◆ Task description
Transcribe nothing except the lines below that run from the one with "In the Signal" to the one with "(心海绿洲与主题征文活动截图)", ends included, and do not copy any picture.

◆ Data supplied
↓

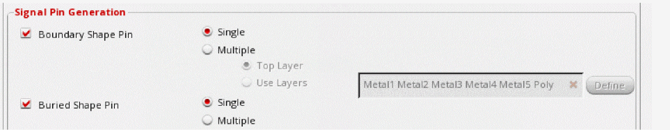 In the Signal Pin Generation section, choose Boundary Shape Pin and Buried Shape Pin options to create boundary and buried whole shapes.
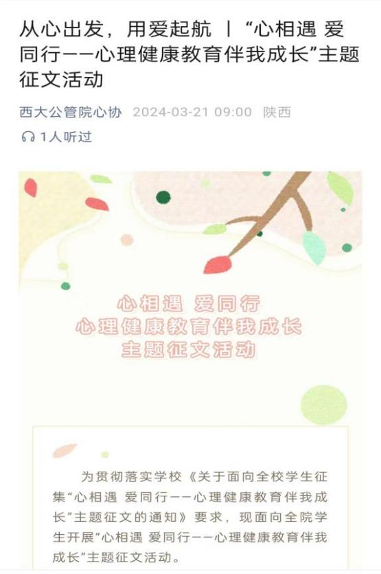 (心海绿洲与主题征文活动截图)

↑
↓

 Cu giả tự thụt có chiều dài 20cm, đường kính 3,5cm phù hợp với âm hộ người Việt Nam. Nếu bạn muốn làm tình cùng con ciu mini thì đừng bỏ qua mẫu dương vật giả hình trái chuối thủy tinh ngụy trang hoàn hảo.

↑

◆ Written answer
 In the Signal Pin Generation section, choose Boundary Shape Pin and Buried Shape Pin options to create boundary and buried whole shapes.
 (心海绿洲与主题征文活动截图)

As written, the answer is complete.